Грант посмотрел и нахмурился:

— И это все?

Миллер кивнул.

— На ней были чулки, обычное белье и весьма дорогое платье. И еще такой дурной знак. Под ярлыком изготовителя обычно помещают нашивку с именем владельца. Так вот она оторвана.

Грант тяжко вздохнул:

— Вы думаете, что ее могли утопить?

Миллер покачал головой:

— Никаких шансов. На ней совсем нет следов насилия.

— Это ничего не значит, — возразил Грант. — Самоубийство — это всегда акт, противоречащий здравому смыслу. И вы хотите, чтобы я поверил, будто эта женщина вела себя столь хладнокровно, что тратила время на то, чтобы попытаться скрыть свое имя?

— Но это единственное, что могло иметь значение для идентификации.

— Что же тогда насчет медальона? Почему она и от него не освободилась?

— Когда вы постоянно носите такую вещь, то просто забываете о ней, — ответил Миллер. — Или, может быть, она дорожила ею, особенно если была католичкой.

— Но католицизм запрещает самоубийства.

— Однако все-таки они случаются.

— Не так уж часто. Были времена, когда статистика по таким случаям обрабатывалась и определялась их вероятность, — разве вам в полицейском колледже об этом не говорили? А что сообщают из отдела учета пропавших без вести?

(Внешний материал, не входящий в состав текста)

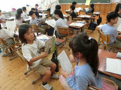 国語科の時間にアーノルド=リーベルさんの「お手紙」のお話を学習しました。がまくんとかえるくん、どちらも魅力的なキャラクターです。二人が親友で、互いを思い合いながら進むお話で、みんな「お手紙」が大好きになりました。好きな場面を1年生や3年生に音読を発表するためにがんばって練習しています。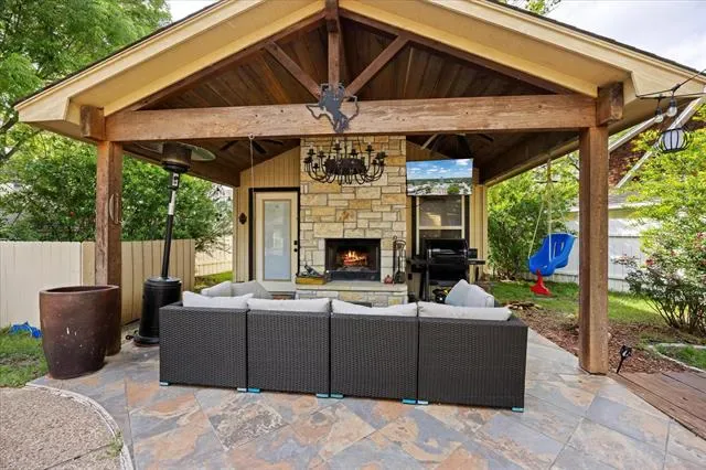 Courtyard, Covered Deck, Covered Patio/Porch, Rain Gutters, Outdoor Kitchen, Outdoor Living Center, Storage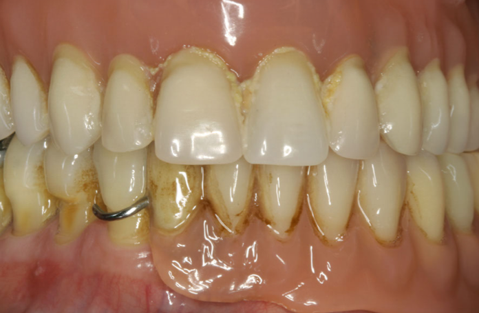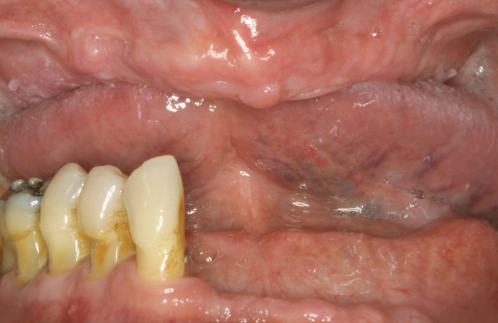 Se observa en ambos maxilares, que al retirar las prótesis removibles, el paciente presenta atrofía ósea subyacente

— Пока ничего, — ответил Миллер. — Нужно подождать. Она выглядит достаточно взрослой, чтобы отсутствовать всю ночь. Может быть, кто-то специально выжидает день или два, чтобы потом заявить о ее исчезновении.

— Но вы так не думаете?

— А вы?

Грант снова посмотрел на рапорт и покачал головой:

— Нет, прежде чем тут что-нибудь сказать, нам придется хорошенько поработать.

— Могу я заняться этим?

Грант согласно кивнул:

— Вскрытие не обязательно в таких случаях, но я все же попрошу следователя графства, который занимается такими делами, разрешить нам сделать это. Никогда не знаешь, как все может повернуться.

Он потянулся к телефону, а сержант вернулся в главную комнату управления и уселся за свой стол. Оставался еще час до суда, надо разделаться с накопившимися бумагами, хотя бы с теми, что имеют гриф «Входящие».

Но по какой-то причине Миллер никак не мог сосредоточиться. Он откинулся на спинку кресла и закрыл глаза. Перед ним из тьмы снова возникло лицо девушки с выражением удивления в глазах и немного приоткрытыми губами. Было похоже, что она вот-вот заговорит, хотя он понимал, что это невозможно. Боже, как же он устал!

Миллер проснулся точно без пяти десять, чувствуя себя неожиданно посвежевшим. Когда он спускался по лестнице и пересекал площадь, направляясь к зданию суда графства, то меньше всего думал о деле Мацека.


Городской морг располагался позади медицинской школы, в большом нескладном здании в стиле викторианской готики со стеклянными витражами у входа. Внутри было темно и прохладно, стены покрыты зеленой плиткой. Здесь царил неприятный запах антисептиков.

Джек Палмер, главный специалист, восседал за столом в небольшом стеклянном кабинетике в конце коридора.

— Ничего не говорите, дайте мне догадаться.

— Есть что нибудь для меня? — спросил Миллер.

— Старина Мюррей сам занялся этим делом. Еще не успел подготовить доклад, но думаю, сообщит вам кое-что полезное. Он сейчас уже моет руки.

Миллер заглянул сквозь стеклянную стену в анатомический театр и увидел высокую тощую фигуру университетского профессора патологии, одетого в халат, спереди заляпанный кровью.

— Можно войти?

Палмер кивнул:

— Прошу вас.

Когда Миллер вошел, профессор Мюррей уже снял халат и мыл руки, стоя перед раковиной. Он улыбнулся и заговорил с едва заметным шотландским акцентом своей юности, от которого так и не смог освободиться:

— Едва ли подходящее время года для купания, особенно в этой открытой сточной канаве, которую мы называем рекой. Вам сделали все необходимые инъекции?

— Если я почувствую себя больным, то не обращусь ни к кому, кроме вас, — ответил Миллер. — Обещаю вам.

Мюррей взял полотенце и начал вытирать руки.

— Говорят, вы не знаете, кто эта молодая женщина?

— Пока нет. Конечно, через день-два о ней могут заявить как о пропавшей.

— Но вы сомневаетесь, что так будет? Могу я спросить почему?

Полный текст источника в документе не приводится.